#### TASK DETAILS
Your task is to restate word for word the lines in the material below, from the one with "紫外線カット 接触冷感 ひんやり" up to and including the one with "A V-neck sweatshirt". Do not carry over the pictures.

#### EXERCISE INPUT
▼

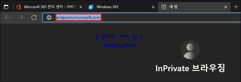 '새 탭' 실행후 'Microsoft Endpoint Manager 관리 센터 사이트(endpoint.microsoft.com)' 에 접속합니다.
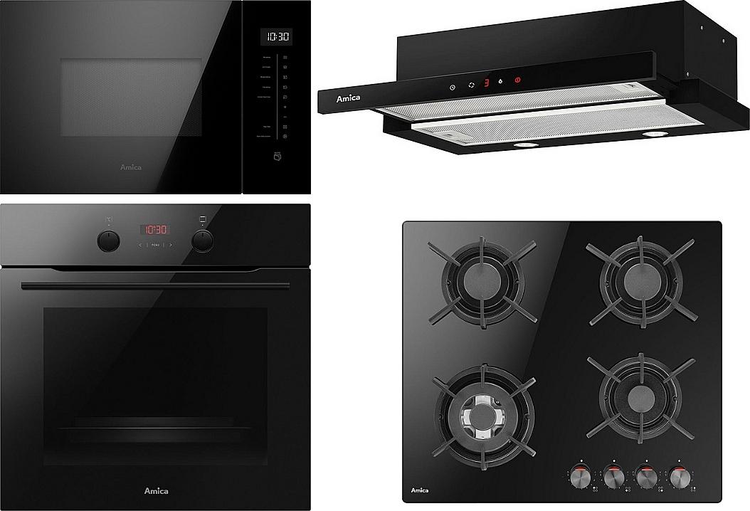 Vestavný set Amica v sadě s multifunkční a mikrovlnnou troubou, plynovou varnou deskou a teleskopickým odsavačem.
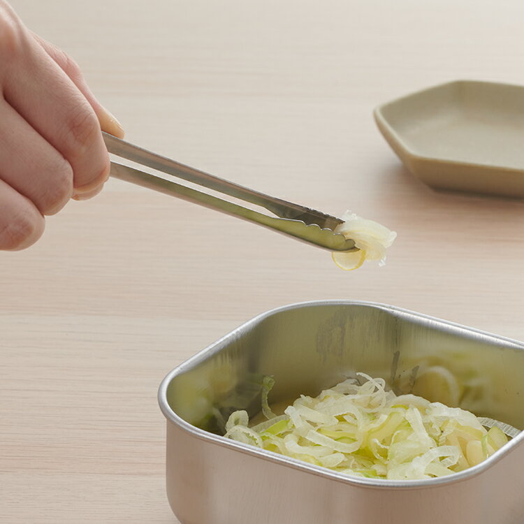 お弁当作りや薬味の取り分けに便利なミニトングです。通常強く押すと変形してしまうトングですが、薄くても強度が保てる特殊なステンレス(SUS821L1)を使用しているので、変形しにくく長くお使いいただけます。また、先端の凹凸があることで、つかみやすくなっています。食器洗い乾燥機使用可〇サイズ:W4.7×D1.2×H12.1cm/重量=約9g材質:ステンレス鋼仕上げ:マット仕上げ生産国:日本【取扱い上の注意】・用途以外の使用はさけてください。破損してケガをするおそれがあります。・衝撃的な力をかけないでください。・食器用洗剤などで洗ってからご使用ください。・白い斑点が出ることがありますが、これは水道水中に含まれるカルシウム、マグネシウムなどの成分が残り付着したものですので無害です。・使用中やお手入れの際は、製品の先端およびエッジ部分でケガをしないようご注意ください。・鉄やアルミなどの金属製品と長時間触れさせると、サビますのでさけてください。 【お手入れ】・汚れは柔らかいスポンジを使い、食器用洗剤などでよく洗い落としてください。・ベンジン、シンナー、アルコールなどの有機溶剤、酸やアルカリ性の洗剤などは使用しないでください。・たわし・みがき粉でみがくとキズがつくことがありますのでさけてください。・サビが発生した際は、クリーム状のクレンザーを柔らかいスポンジなどにつけてこすり落とし、よくすすいでください。税込\1000以下のステンレスキッチンアイテム
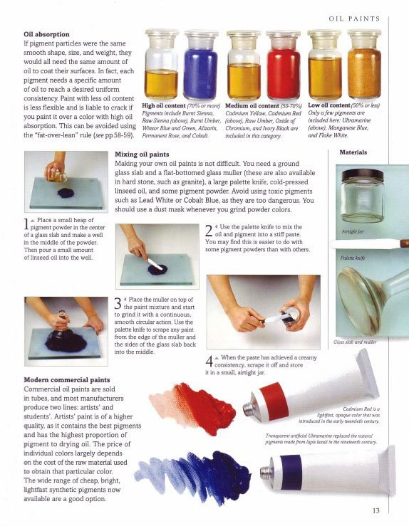 : 6 characteristics of oil paint 8 a brief history 12 oil paints 14 equipment 16 choosing colors 18 color mixing 20 low-key & high-key color 22 gallery of color 24 brushes 26 blending & dry brush 28 glazing & impasto 30 brushwork effects 32 gallery of brushwork 34 choosing a support 36 preparing supports & grounds 38 ways of working 40 creating a composition 42 composition 44 gallery of composition 46 painting on a white ground 48 painting on a white ground 50 gallery of white & toned grounds 52 alla prima painting 54 working with a painting knife 56 gallery of alla prima paintings 58 painting in layers 60 painting in stages 62 gallery of painting in layers 64 experimental techniques 66 varnishing & framing 68 glossary 72 index
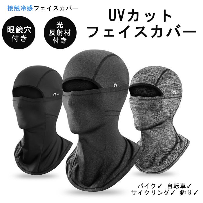 【送料無料】UVカットフェイスカバー 夏用 バラクラバ メンズ 冷感 日焼け止め フェイスカバー 通気 吸汗速乾 自転車 ロードバイク ヘルメットインナー 眼鏡穴 光反射材付き 目出し帽 バイク 釣り サイクリング 作業用 マスク 紫外線カット 接触冷感 ひんやり
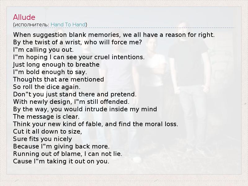 When suggestion blank memories, we all have a reason for right. By the twist of a wrist, who will force me? I"m calling you out. I"m hoping I can see your cruel intentions. Just long enough to breathe I"m bold enough to say. Thoughts that are mentioned So roll the dice again. Don"t you just stand there and pretend. With newly design, I"m still offended. By the way, you would intrude inside my mind The message is clear. Think your new kind of fable, and find the moral loss. Cut it all down to size, Sure fits you nicely Because I"m giving back more. Running out of blame, I can not lie. Cause I"m taking it out on you.
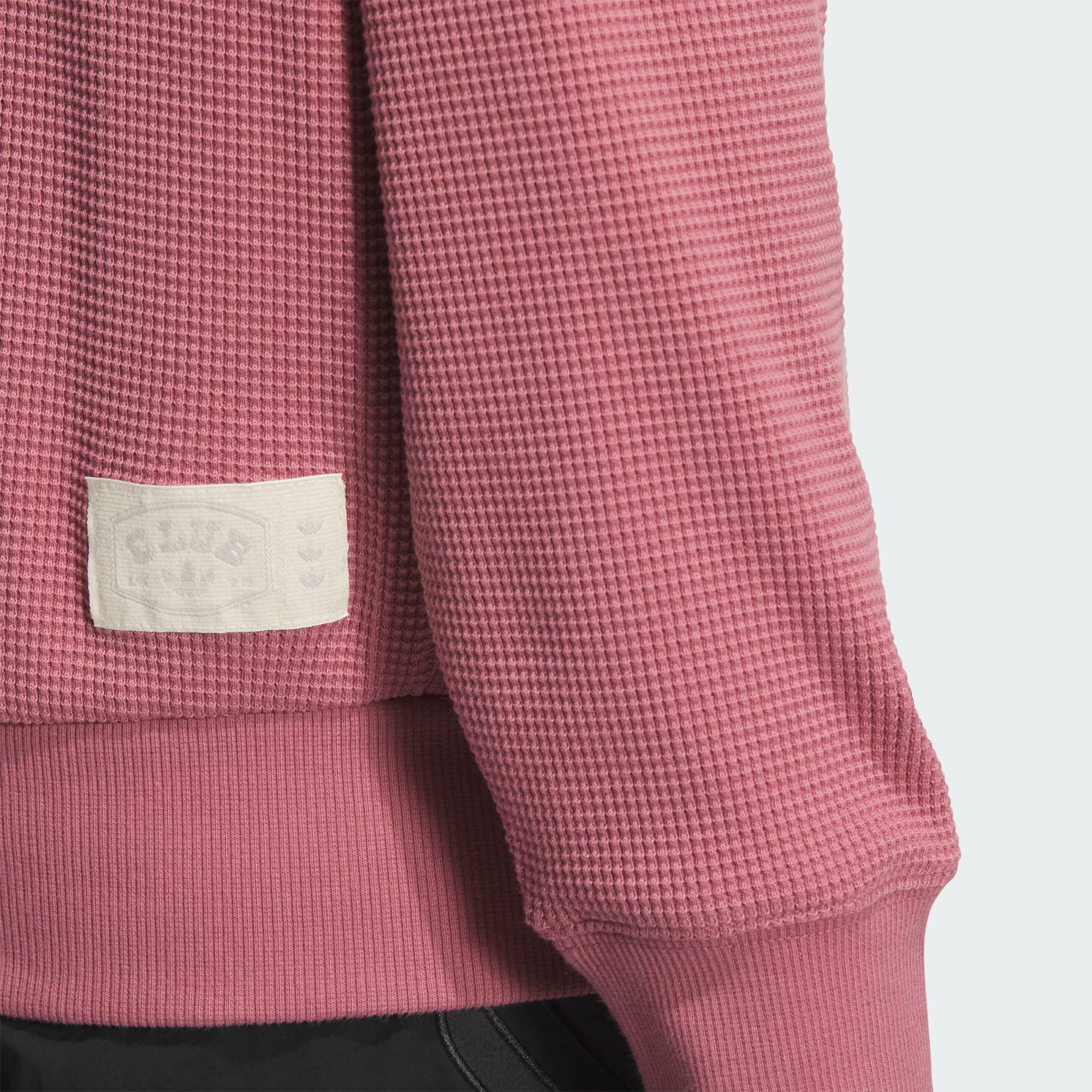 A V-neck sweatshirt cut loose and made with textured waffle-knit construction.
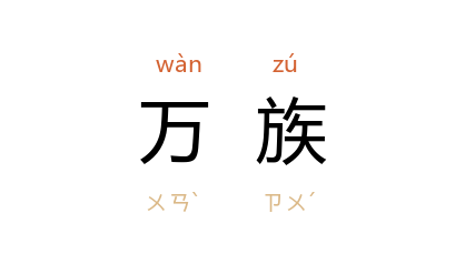 引晋 陶潜 《咏贫士》:“万族各有託,孤云独无依。”唐 白居易 《夏旱》诗:“嗸嗸万族中,唯农最辛苦。”明 高攀龙 《水居》诗:“万族有乐,吾心何忧。”章炳麟 《訄书·原变》:“且万族之相轧,非直寒暑燥溼之比者也。”
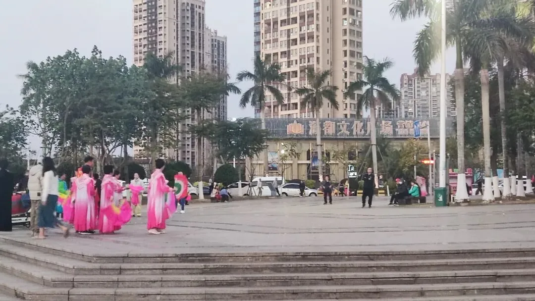 海都文化广场的傍晚,是被欢歌笑语点燃的。刚踏入广场,便被一阵铿锵的锣鼓声吸引,一群身着彩色节日盛装的居民正扭着大秧歌。她们的服装红似火、黄如金、蓝若海,裙摆随舞步翻飞,彩扇在手中划出优美的弧线,动作整齐划一,脚下的步子踩着鼓点,刚健又灵动。领舞的阿姨手中的手绢花甩得虎虎生风,身后的队伍跟得丝毫不乱,围观的游人纷纷拿出手机拍摄,偶尔有人跟着鼓点拍手叫好,广场上满是欢快的气息。这鲜活的秧歌表演,不是刻意的演出,而是居民们日常的休闲娱乐,身着靓丽泳裤的男子路过,也会笑着驻足看上几眼,市井的热闹与鲜活,在这一刻展现得淋漓尽致。
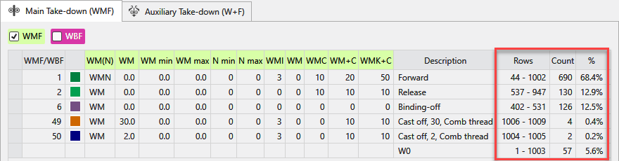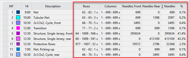 Shows the total quantity of needles of the rear needle bed with this entry. | |
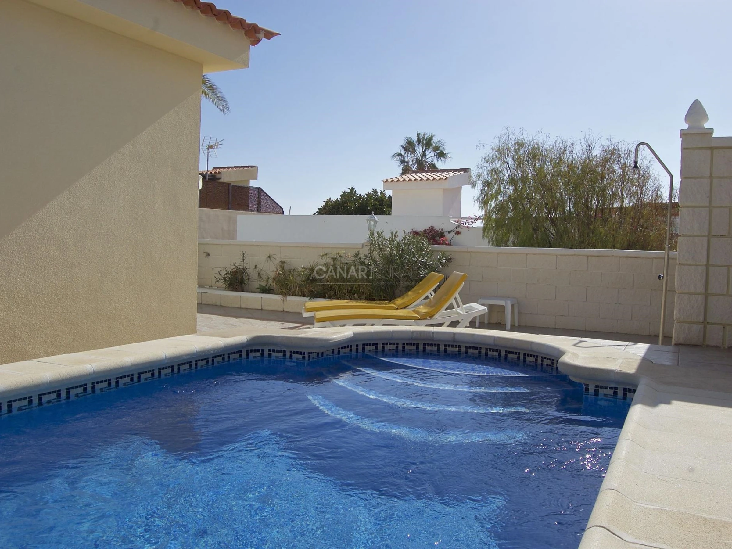 Es una villa muy cómoda de una sola planta y cuenta con piscina privada y terraza con vistas al mar y a la Gomera.
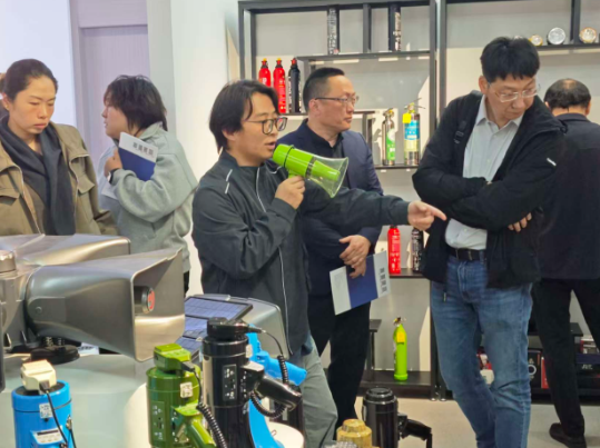 B 组则在产品部汪经理、李经理带领下走进产品区,智能头盔、无人救生艇、防水喊话器瞬间吸引目光 —— 有人轻握头盔感受轻量化设计,有人围在救生艇旁观察细节,有人拿起喊话器测试音质。
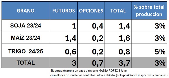 Si tomamos el interés abierto de los contratos de futuros y opciones (put y call) que cubren a dichos cultivos, resulta el siguiente volumen en millones de toneladas:
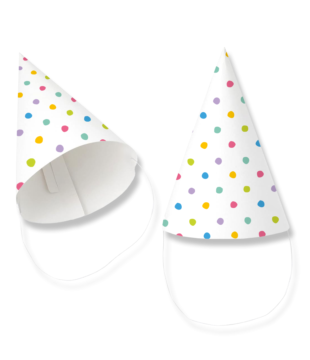 Con estos alegres Sombreros de papel - Lunares de fiesta , ¡todas las fiestas empiezan a chisporrotear desde el primer momento! El colorido estampado de lunares da a los sombreros un aspecto juguetón y veraniego, perfecto para fiestas infantiles, cumpleaños y fiestas temáticas alegres.
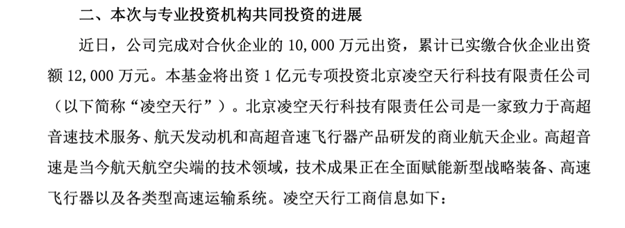 不过在11月25日,通宇通讯发布公告称,其与专业投资机构共同设立的“广东通宇华真空天产业基金合伙企业(有限合伙)”,将出资1亿元专项投资北京凌空天行科技有限责任公司 (下称“凌空天行”)。
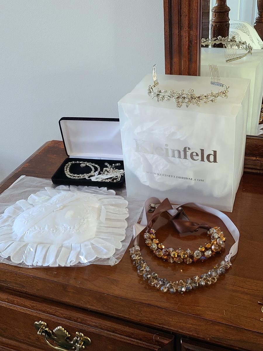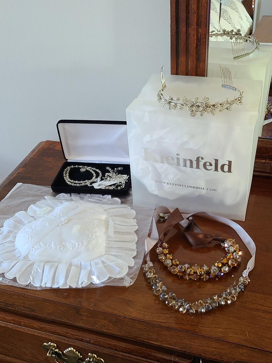 This is the perfect lot for the bride to be and the mother of the bride! Gorgeous beaded and ribbon necklaces, Kleinfeld Beaded Tiera, Bridal pillow and more!! Please see all pictures as they are the best representation of the items in the lot, the condition of the lot, and will show measurements if taken. If purchasing furniture you must be able to move yourself with your own help, and truck. .
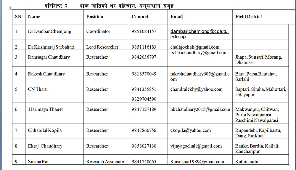 यी हुन् ९ जना अनुसन्धानकर्ताले तयार पारेका थारुहरुको ‘थर सूचीकरण’
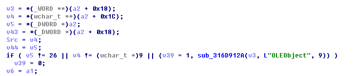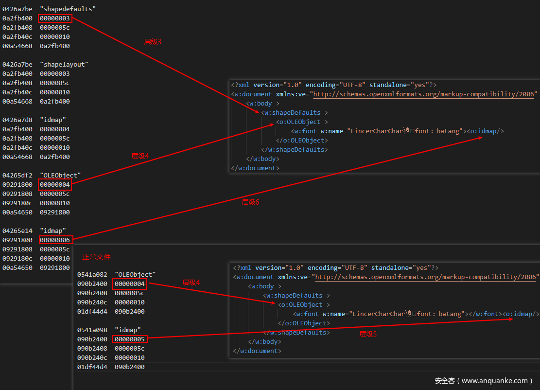 分析到这里,漏洞产生的原因也就出来了,由于word每解析一个标签,Current_Index的值就加一,当解析到闭合标签,Current_Index值会减1。由于构造了没有闭合的font标签,因此导致在解析idmap标签时比正常文件的Current_Index多一,导致原本应该获取OLEObject标签的TagObject变成获取了font的TagObject,因此造成了标签类型混淆导致漏洞的发生。
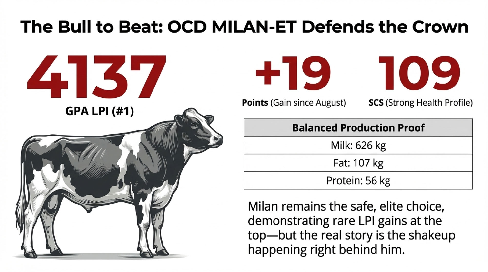 OCD MILAN-ET remains the bull to beat, actually increasing his GPA LPI from 4118 in August to 4137 in December—a 19-point gain that’s rare at this elite level. His production profile shows 626 kg of Milk, 107 kg of Fat, and 56 kg of Protein.

▲

#### RESPONSE AREA
 【送料無料】UVカットフェイスカバー 夏用 バラクラバ メンズ 冷感 日焼け止め フェイスカバー 通気 吸汗速乾 自転車 ロードバイク ヘルメットインナー 眼鏡穴 光反射材付き 目出し帽 バイク 釣り サイクリング 作業用 マスク 紫外線カット 接触冷感 ひんやり
 When suggestion blank memories, we all have a reason for right. By the twist of a wrist, who will force me? I"m calling you out. I"m hoping I can see your cruel intentions. Just long enough to breathe I"m bold enough to say. Thoughts that are mentioned So roll the dice again. Don"t you just stand there and pretend. With newly design, I"m still offended. By the way, you would intrude inside my mind The message is clear. Think your new kind of fable, and find the moral loss. Cut it all down to size, Sure fits you nicely Because I"m giving back more. Running out of blame, I can not lie. Cause I"m taking it out on you.
 A V-neck sweatshirt cut loose and made with textured waffle-knit construction.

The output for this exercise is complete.